Optionally, in step S9, the enterprise default probability predicted by the optimal enterprise credit evaluation model is converted into a standard credit score, and there are the following two methods:

s9a, calculating a feature score through a WOE value and a coefficient of a feature obtained by predicting an optimal enterprise credit evaluation model based on a WOE conversion method;

and S9b, predicting the obtained default probability of the enterprise based on the optimal enterprise credit evaluation model, and converting the standard score according to the default probability.

Compared with the prior art, the enterprise credit assessment method based on the integration of deep learning and logistic regression has the beneficial effects that:

1) the enterprise multi-source data fusion-based enterprise multi-dimensional credit assessment method is based on enterprise multi-source data fusion, data merging, data alignment, data fusion and other operations are carried out on multi-source data, an enterprise multi-dimensional credit assessment system is established on the basis of the multi-source data fusion, the enterprise credit assessment dimension is richer, the assessment index is more comprehensive, and the defect that a single data source covers the credit assessment dimension and is more comprehensive is overcome;

2) on one hand, the neural network based on deep learning can deeply excavate important features in multi-dimensional features, can automatically extract and derive the features to obtain more important information, overcomes the defects that the traditional high-dimensional data feature importance evaluation and feature extraction method is complex and non-automatic, is also suitable for parallel implementation of large-scale training samples, has higher operation efficiency, and expands the implementation path and implementation scene of enterprise credit evaluation based on the high-dimensional features and massive training samples;

3) the enterprise credit evaluation method can be used for scoring the credit of the enterprise and assisting the enterprise to finish financial credit, is particularly suitable for wind control prediction of large-data mass enterprises, and has a wide application prospect.

Drawings

FIG. 1 is a flow chart of the method of the present invention.

Detailed Description

In order to make the technical scheme, the technical problems to be solved and the technical effects of the present invention more clearly apparent, the following technical scheme of the present invention is clearly and completely described with reference to the specific embodiments.

The first embodiment is as follows:

with reference to fig. 1, the embodiment provides an enterprise credit evaluation method based on the fusion of deep learning and logistic regression, which includes the following steps:

and S1, acquiring government data, internet data and third-party data of a plurality of enterprises, and storing the government data, the internet data and the third-party data of the same enterprise in the same relational data sub-table.

In the step, the government data of the enterprise comprises various information of industry and commerce, public accumulation fund, social security, committee for change, bank security supervision and administrative penalty; the internet data of the enterprise comprises E-commerce data, marketing information, affirmation information, online store information, lawsuits, information of information; the third-party data of the enterprise comprises enterprise business information, personnel information and various items of information of the human-enterprise relationship data.
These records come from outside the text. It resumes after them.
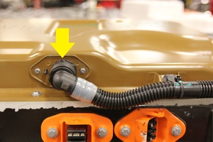 将功率转换系统出口软管从高压电池上断开。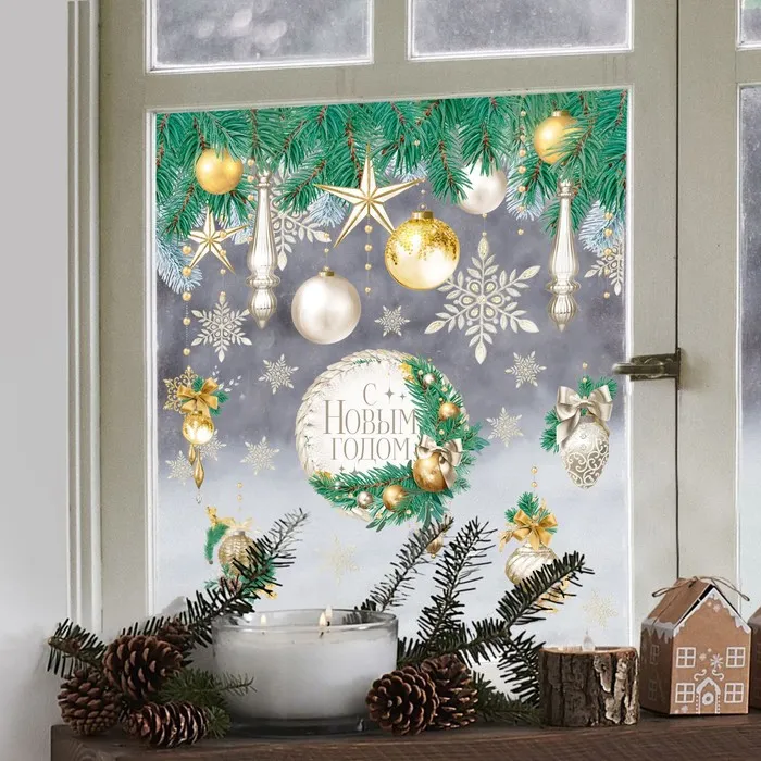 Наклейки новогодние на окна «Мороз и солнце», 50 х 70 см — Характеристики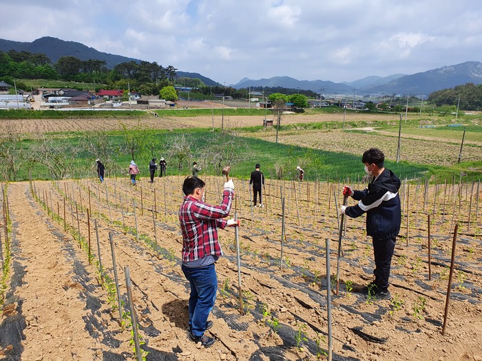농촌일손 돕기는 민원 처리 등 필수인원을 제외한 산림공원과 16명이 농가 3곳을 방문해 전체 4500㎡ 면적의 고추밭에서 지주대와 고정끈 설치 작업을 도왔다.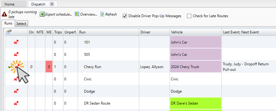 It is recommended to schedule the trip to a run that is already completed for the day to avoid confusion for drivers.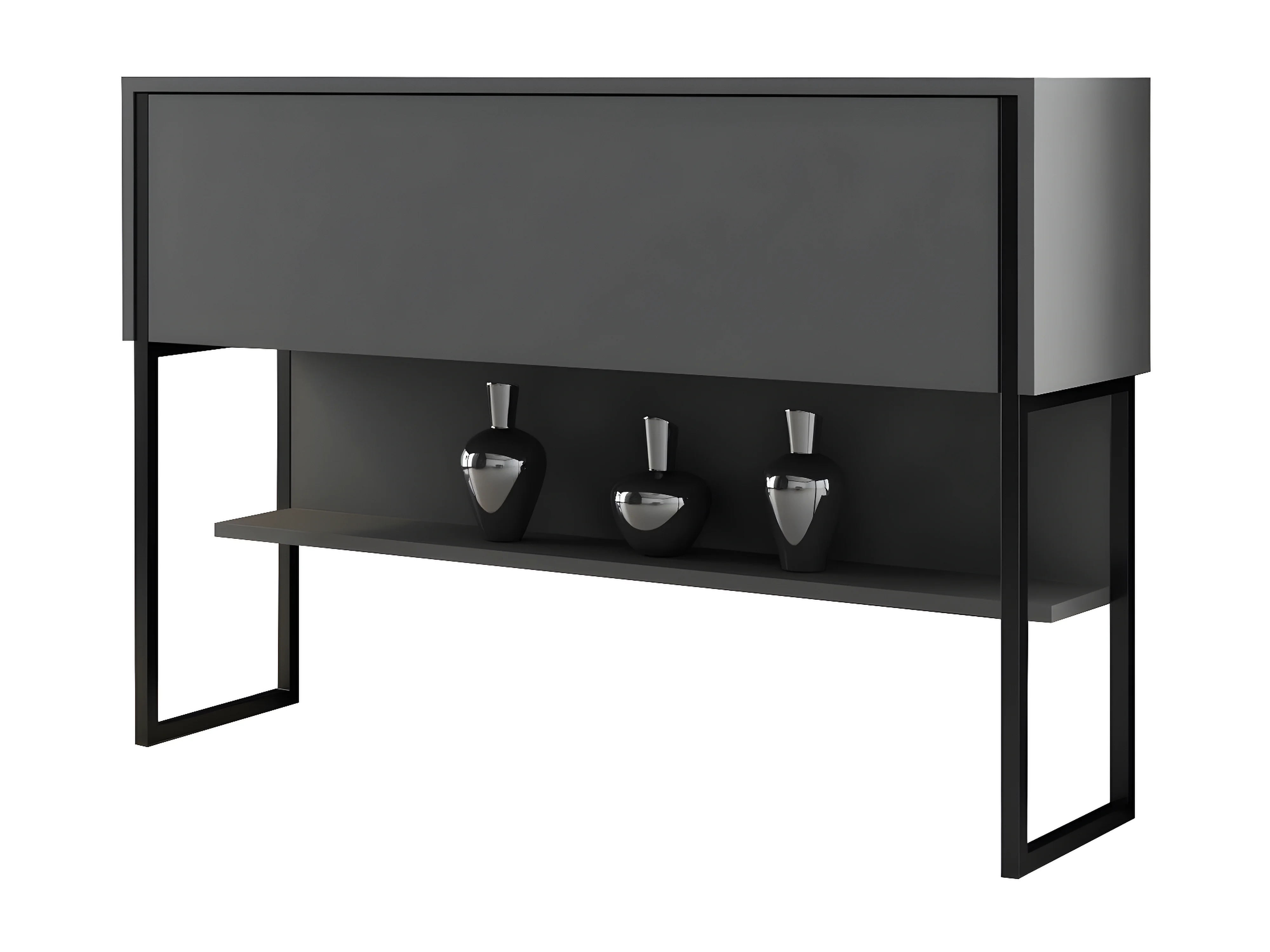 Console moderne 1 porte Sibylle L120cm Bois Anthracite et Métal Noir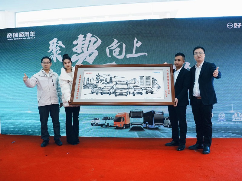 赠礼环节温情满满,好用车生态平台东部战区分管副总宣飞与奇瑞商用车生态事业部总经理助理李涛,向王广祥与徐晓娜送上国家非物质文化遗产——芜湖铁画。这幅以锤为笔、以铁为墨的匠心之作,恰如双方的合作之路:既经得住市场风浪的淬炼,根基坚实如钢;又承载着彼此的匠心与温度,情谊历久弥新。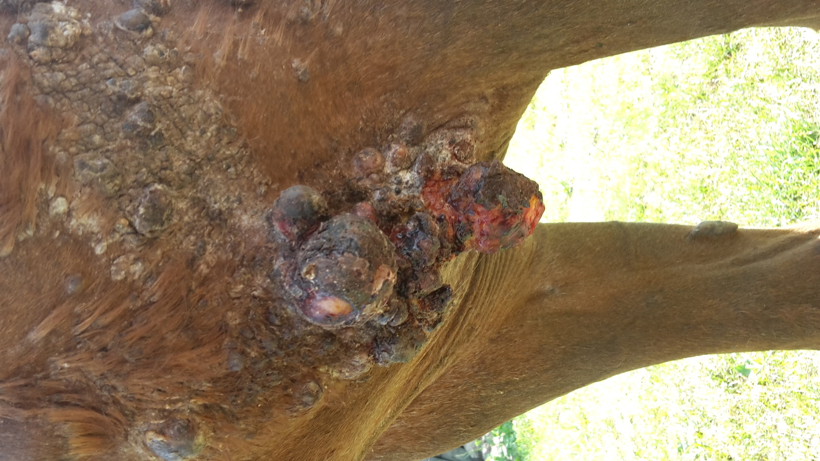 Heute gibt's die versprochenen Bilder. Man kann hinten am Bein die weißen stellen gut erkennen. ...das ist am eintrocknen. Was haltet ihr davon? Haben schon die 3. Spritze hinter uns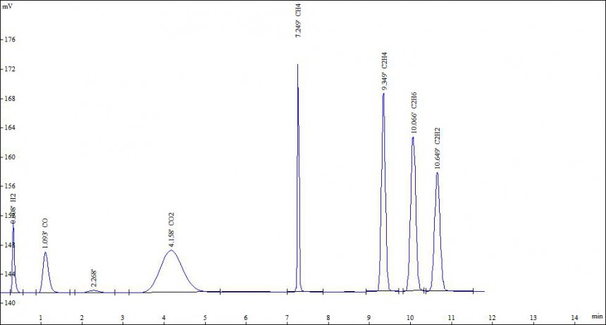 7、一次进样,七组份峰出在同一张谱图上,操作简便。

S2, the relational data sub-tables of multiple enterprises are converged, aligned and fused into at least one relational data total table, and the relational data total table is stored in a standard data warehouse, and the specific operation of the relational data total table comprises the following steps:

S3, screening data contained in all relational data general tables in the standard data warehouse respectively, and constructing an enterprise credit index system with three-layer indexes, wherein the specific operation comprises the following steps:

s3.1, based on the business objective of enterprise credit evaluation, respectively combing each form field of a relational data total form in a standard data warehouse to determine an original index;

s3.2, deriving the original index to form third-level index content;

s3.3, abstracting and summarizing the three-level indexes to form second-level index content;

s3.4, analyzing the evaluation dimension of the enterprise credit embodied by the indexes by combining the contents of the third-level indexes and the second-level indexes, and determining the contents of the first-level indexes;

From steps S3.1-S3.5, it can be seen that the contents of the tertiary index, the secondary index, and the primary index decrease in sequence, wherein,

And S4, manually marking the enterprises as default users or conservation users based on the data contained in the relational data sub-tables of the enterprises, and then respectively marking the relevant data of the default users and the conservation users in the relational data general tables stored in the standard data warehouse.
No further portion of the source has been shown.